There’s reason to be mindful, but no reason to have an all-consuming concern about these chemicals. If it helps you rest easy, use a paraben-free body lotion. Today there are a number of formulas available from paraben-free brands. Epionce® is a botanical based brand created by a board-certified dermatologist that is completely paraben free.

Different types of acne scars

A scar is the body’s natural way of healing and replacing lost or damaged skin. A scar is usually composed of fibrous tissue and can form for many different reasons anywhere on the body. The look and feel of the scar and the composition of a scar may vary – sometimes appearing flat, lumpy, sunken, colored, painful, or it can be itchy. The final look of a scar depends of many factors, including the skin type and location on the body, the direction of the wound, the type of injury, and age of the individual.

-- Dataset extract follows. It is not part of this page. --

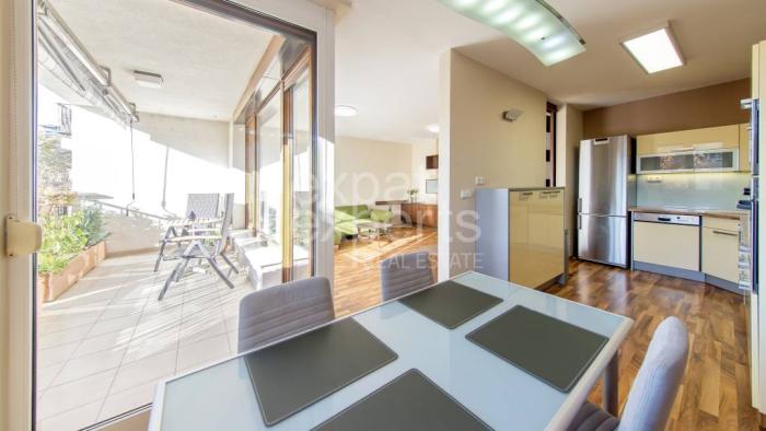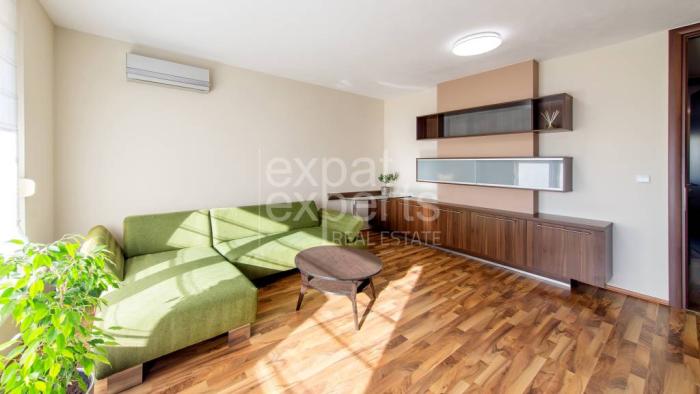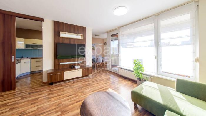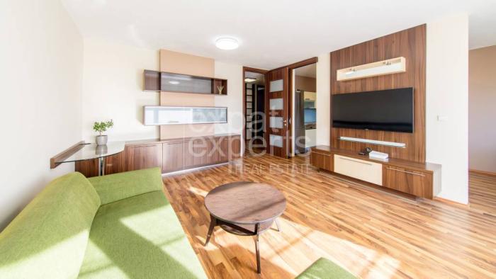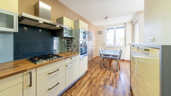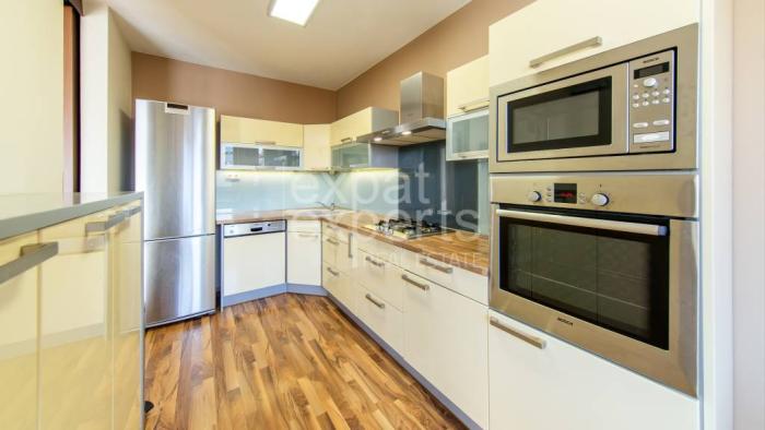 Byt má priestrannú vstupnú halu, z haly je priamy vstup do obývacej izby, s loggiou (9,9 m2), kuchyňou s jedálenskou časťou, detská izba, hlavná spálňa, kúpelňa (vaňa, umývadlo, toaleta, priestor na práčku a sušičku, samostatná toaleta s umývadlom, veľký šatník (police, vešanie). Veľkorysá kuchynská linka s množstvom odkladacieho priestoru je vybavená spotrebičmi (zabudovaná varná doska, digestor, vstavaná elektrická rúra, umývačka riadu, samostatná chladnička s mrazničkou).

We don’t know why some patients with acne scar very badly and others don’t. Even patients with mild acne can develop scars, while there are patients with severe acne that don’t get scars. Picking at or popping acne lesions can definitely increase the likelihood that you could get scars from your acne.

Acne scars can be classified as many different types: atrophic, hypertrophic, or dyspigmented scars. Atrophic scars look like little indents or dimples in the skin and may be further classified as icepick (deep and narrow), rolling (broad with sloping edges) or boxcar scars (broad with sharp edges).

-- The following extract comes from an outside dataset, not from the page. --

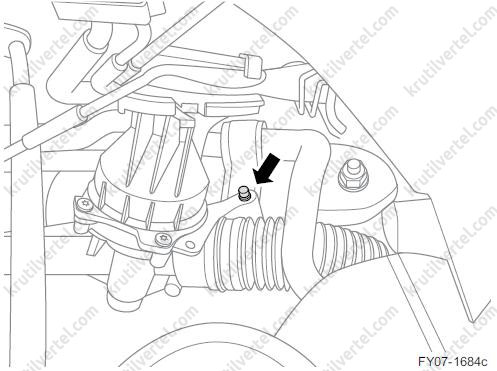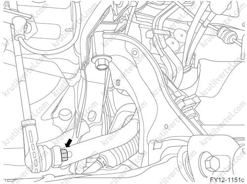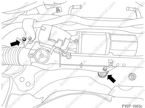 4. Затягніть два болти, що з'єднують кермовий механізм і ліву сторону переднього підрамника.

On the other side of the spectrum, hypertrophic scars are thickened raised acne scars. Discolored acne scars are sometimes referred as post-inflammatory hyperpigmentation (brown discoloration) or post-inflammatory erythema (red discoloration). The treatment of acne scars is dependent on the type of scars you have.

There are many different types of treatments for acne scars including: lasers, steroid injections, chemical peels, dermabrasion, microneedling, and fillers. Speak to your dermatologist about which treatment type would be best suited for you.

Acne and IUDs

Acne is listed as a side effect of IUDs that contain progesterone, specifically the Mirena and Skyla implants. This is because this hormone is an androgen that can over-stimulate your oil glands and contribute to acne. What causes the acne is the hormone imbalance caused by more progestin in the body and not enough estrogen to balance it out. However, it is not a certainty that any type of birth control actually causes acne directly, just that certain ones will not help with it if you’re prone to outbreaks. If you were taking the birth control pill right before switching to an IUD and find that you start breaking out, more often than not that is behind what is going on with your skin.

Medications such as spironolactone can help counteract the effects that the IUD has in the skin and can control IUD-related breakouts. Originally formulated to treat hypertension and a few other cardiovascular conditions, spironolactone is a drug that can also help with hormonal acne at lower doses. It works as an anti-androgen (therefore only given to female patients) by blocking the entry of androgen hormones into cells. Overall, it limits the hormonal fluctuations that can lead to breakouts. While spironolactone has been used for hormonally regulated breakouts for over 30 years, it is considered off-label use for acne.